[PROBLEM] In the records below, find the line holding "10/18(月)からの予定" and the line holding "We the Free". Set down both, with every line between them, exactly.

[DATA]
——

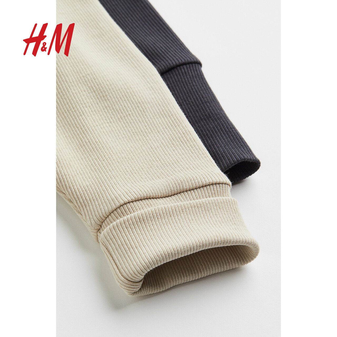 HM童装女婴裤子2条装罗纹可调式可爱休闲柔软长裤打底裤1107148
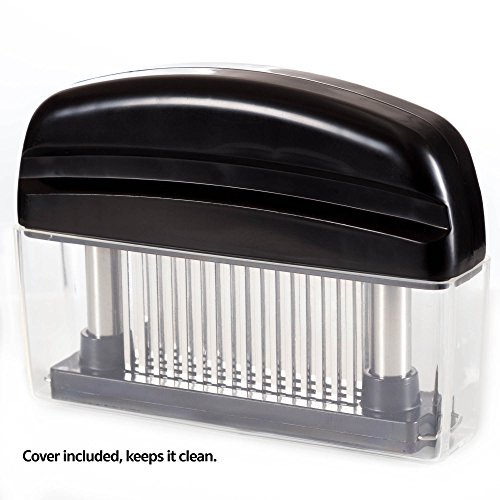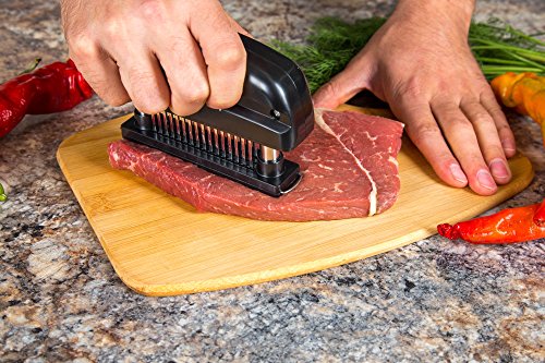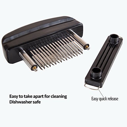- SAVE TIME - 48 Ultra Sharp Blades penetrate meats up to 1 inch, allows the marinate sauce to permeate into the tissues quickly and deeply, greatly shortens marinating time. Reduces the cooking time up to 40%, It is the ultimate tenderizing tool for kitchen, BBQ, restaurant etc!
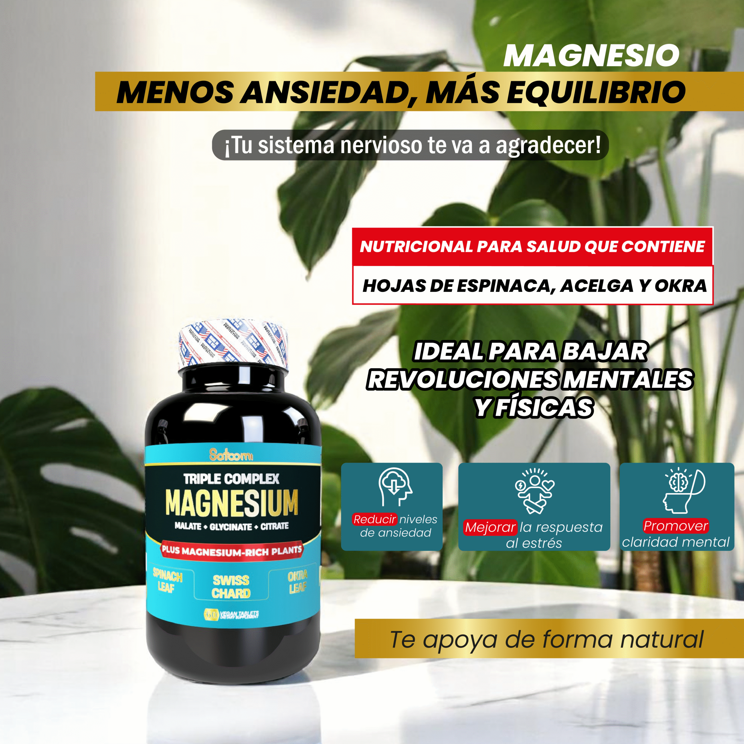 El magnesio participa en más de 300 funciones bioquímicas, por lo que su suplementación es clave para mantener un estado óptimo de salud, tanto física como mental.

——

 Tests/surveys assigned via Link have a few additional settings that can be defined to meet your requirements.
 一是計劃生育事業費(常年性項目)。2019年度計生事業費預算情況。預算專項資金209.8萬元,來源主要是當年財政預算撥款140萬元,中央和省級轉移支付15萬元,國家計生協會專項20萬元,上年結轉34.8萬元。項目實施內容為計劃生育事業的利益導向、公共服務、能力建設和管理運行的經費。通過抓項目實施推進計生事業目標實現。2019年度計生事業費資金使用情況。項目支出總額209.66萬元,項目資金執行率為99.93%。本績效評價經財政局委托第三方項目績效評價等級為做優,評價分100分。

——

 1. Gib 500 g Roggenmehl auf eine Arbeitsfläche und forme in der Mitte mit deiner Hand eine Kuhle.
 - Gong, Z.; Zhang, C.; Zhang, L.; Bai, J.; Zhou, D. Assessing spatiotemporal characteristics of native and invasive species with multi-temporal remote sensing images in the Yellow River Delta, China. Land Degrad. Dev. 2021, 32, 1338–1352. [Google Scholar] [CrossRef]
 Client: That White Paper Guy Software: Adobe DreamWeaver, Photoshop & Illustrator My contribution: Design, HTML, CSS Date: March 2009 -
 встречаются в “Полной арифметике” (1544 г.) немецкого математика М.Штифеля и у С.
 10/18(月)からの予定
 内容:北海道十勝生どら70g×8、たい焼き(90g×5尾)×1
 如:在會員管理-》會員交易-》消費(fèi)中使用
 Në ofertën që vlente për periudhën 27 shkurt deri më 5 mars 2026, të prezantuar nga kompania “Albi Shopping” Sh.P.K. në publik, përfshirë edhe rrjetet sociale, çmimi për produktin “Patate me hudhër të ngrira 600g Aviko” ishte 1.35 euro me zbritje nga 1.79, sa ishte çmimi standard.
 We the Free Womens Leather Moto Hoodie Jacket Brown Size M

——

[RESPONSE]
 10/18(月)からの予定
 内容:北海道十勝生どら70g×8、たい焼き(90g×5尾)×1
 如:在會員管理-》會員交易-》消費(fèi)中使用
 Në ofertën që vlente për periudhën 27 shkurt deri më 5 mars 2026, të prezantuar nga kompania “Albi Shopping” Sh.P.K. në publik, përfshirë edhe rrjetet sociale, çmimi për produktin “Patate me hudhër të ngrira 600g Aviko” ishte 1.35 euro me zbritje nga 1.79, sa ishte çmimi standard.
 We the Free Womens Leather Moto Hoodie Jacket Brown Size M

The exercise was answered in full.